…at the new job. Big task today involves figuring out backup server software and getting a program in place to make sure everything gets backed up routinely. A good idea, and actually a core criterion of whether I’m doing my job. Me, I’m counting on Leopard to take care of all my personal backups going forward. I just have to sort out the dog’s breakfast of hard disks and server systems at home (and my server systems, I mean the one iMac that everything’s plugged into).
Anyway…
I stumbled across an article by John Rogers. If you don’t know him, he’s most famous these days for being the first-draft author of that abysmal orgy of Hollywood idiocy called Transformers. Someday he may live that down, and when he does, it will be based on such trenchant observations as are made in this piece. Such as the fact that there are four times as many Americans living in urban areas as rural areas. Or four times as many people in New York City alone as there are farmers in the whole country. There are half again as many people in computer and mathematical jobs as there are in farming. And yet, the default notion of what is “Middle America” is rural, agrarian, and completely out of step with what the actual median lifestyle is in this country.

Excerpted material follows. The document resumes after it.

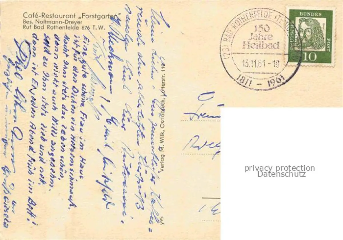 Bad Rothenfelde Osnabrueck Café Restaurant Forstgarten Teich postalisch gelaufen Erhaltung siehe scans [FriedD77] alte Postkarte Frie Katcode 11110003459006

This is why all these stories about “real Americans” make me want to spit nails. I’ve lived in the exurban South, the suburbs of Washington DC, and the heart of Silicon Valley. THIS is real America. Car commutes, satellite TV, Starbucks by the quart, straphanging on the Metro, public notices in three languages. That’s every bit as American as a bunch of pickup trucks circling the Dairy Queen all night on the weekend – in fact, by the numbers, it’s four times as American.
Put that in your corncob pipe and smoke it.
Very soon after the rest of the U.S. figures this out, I hope the Senate and Congress will finally get rid of the friggin’ electoral college. Not only are there four times as many urbanites than ruralites (forget, she’s rolling), but the ruralites get more say in Congress and in presidential elections. Now that *really* chaps my hide!